* Launches review of Fresh & Easy chain
* CEO says "likely but not certain" firm will exit U.S.
* UK Q3 lfl sales down 0.6 pct ex fuel and VAT sales tax
* CEO says UK non-food performance "not good enough"
* Shares up 3 pct
(Adds detail, CEO, analyst, investor comment, updates shares)
By James Davey
LONDON, Dec 5 Tesco Plc is set to end
its five-year attempt to crack the cut-throat U.S. market and
will focus on turning around its struggling home business and on
faster-growing emerging markets.
The world's third-biggest retailer said it was reviewing its
loss-making U.S. unit Fresh & Easy that could lead to the sale
or closure of the 200-store chain that employs 5,000.
"It just became clear to us that the journey to sustainable
returns was going to take too long," Phil Clarke, chief
executive of the British company, told reporters.
"It's likely but not certain that our presence in America
will come to an end," said Clarke, speaking from Los Angeles.
Clarke, CEO since March 2011 and a Tesco lifer who as a
youth stacked shelves in his local store, said finding a
solution to Fresh & Easy would allow the group to divert
resources in more profitable markets.
Some analysts believe the move could represent a fundamental
shift in Tesco's thinking.
"The decision on the U.S. is but a first step. We expect
Tesco to significantly reduce capital expenditure and focus on
cash generation and increasing return on capital employed," said
analyst Philip Dorgan at brokerage Panmure Gordon.
Tesco shares, down 20 percent over the last year, were up 3
percent at 337 pence by 1249 GMT.
Announcing the review alongside a third-quarter trading
update that showed continued pressure in Tesco's core UK market,
the group said it would report the review's findings when it
publishes full-year results in April.
Tesco, which trails France's Carrefour and U.S.
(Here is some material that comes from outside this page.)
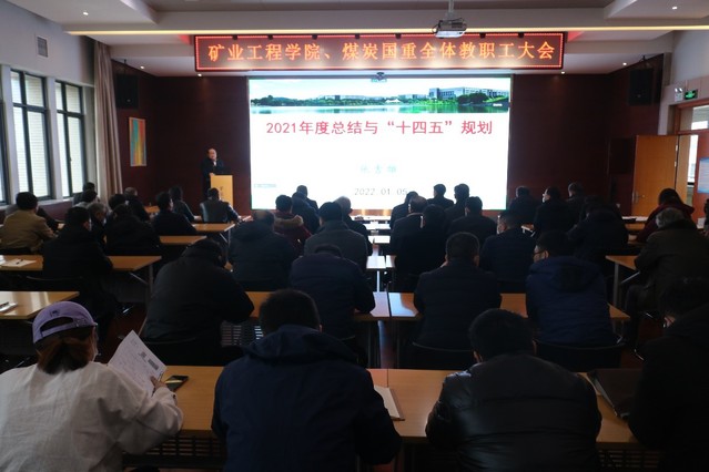1月5日下午,学院、煤炭国重在学院楼学术报告厅A604、会议室A509(同步线上)召开了2021年度总结暨“十四五”规划解读会,全体教职工160余人参会。会上,张吉雄经理汇报了公司2021年度的工作总结,并解读了“十四五”规划;黄炳香主任汇报了煤炭国重2021年的各项工作和“十四五”规划情况。会议由公司党委书记陈新忠主持。

leader Wal-Mart by annual sales, said it had received a
number of approaches from parties interested in acquiring all or
part of Fresh & Easy, or in partnering with the firm.
Tesco added that Tim Mason, Fresh & Easy's CEO and deputy
group CEO, is leaving Tesco after 30 years with the firm.
Investment bank Greenhill will assist with the review.
Having absorbed nearly 1 billion pounds ($1.6 billion) of
capital since its 2007 launch when Tesco was run by Clarke's
predecessor Terry Leahy, Fresh & Easy has failed to make a
profit in a market where it competes with the likes of Trader
Joe's and Whole Foods Market as well as Wal-Mart.
Clarke has been under increasing pressure from investors to
take decisive action and an easing of Fresh & Easy's
third-quarter underlying sales growth to 1.8 percent from 6.9
percent in Q2 may have been the final straw.
Charles Heenan, investment director at fund firm Kennox, who
has Tesco as his third-largest holding, welcomed the review. "It
would be lovely if they could sell it and make lots of money but
I don't think that is likely to happen. I would prefer them to
leave completely but if the best they can do is structure some
sort of partnership, that's not a disaster," he said.
He added that Tesco should focus on sorting out the UK,
where it posted a return to falling quarterly underlying sales,
raising questions over whether Clarke's 1 billion pound recovery
plan is struggling to make an impact.
Tesco's sales at UK stores open over a year, excluding fuel
and VAT sales tax, were down 0.6 percent in the 13 weeks to Nov.
24. That compared with forecasts in a range of down 0.9 percent
to up 0.2 percent and with a 0.1 percent increase in the prior
quarter, which was its first rise after 18 months of decline.
Clarke said like-for-like sales in food, the main focus of
his recovery programme, grew 1.2 percent, ahead of the market
overall, but conceded a further reduction in underlying sales of
non-food categories "was not good enough".
Tesco, which stunned investors in January with its first
profit warning in more than 20 years, is battling to regain
momentum against a weak UK economy, with consumers fretting over
job security and a squeeze on incomes. The firm has suffered
more than rivals, in part because it sells more discretionary
non-food goods on which shoppers have been cutting back most.
In April Tesco launched a strategy to revive UK sales,
investing in more staff, revamped food ranges, smartened stores
that give more space to food and refined marketing.
Rivals Asda (part of Wal-Mart) and J Sainsbury Plc
have both recently reported sales increases and the only major
domestic rival to have reported a decline was No. 4 player Wm
Morrison, albeit for different trading periods.
Tesco's woes are not confined to the UK and United States.
In South Korea, its biggest overseas market, underlying
sales fell 5.1 percent as legislation allowing local governments
to impose shorter trading hours hurt trading, while in eastern
Europe underlying sales were down 3.6 percent, reflecting
fallout from continued euro zone instability.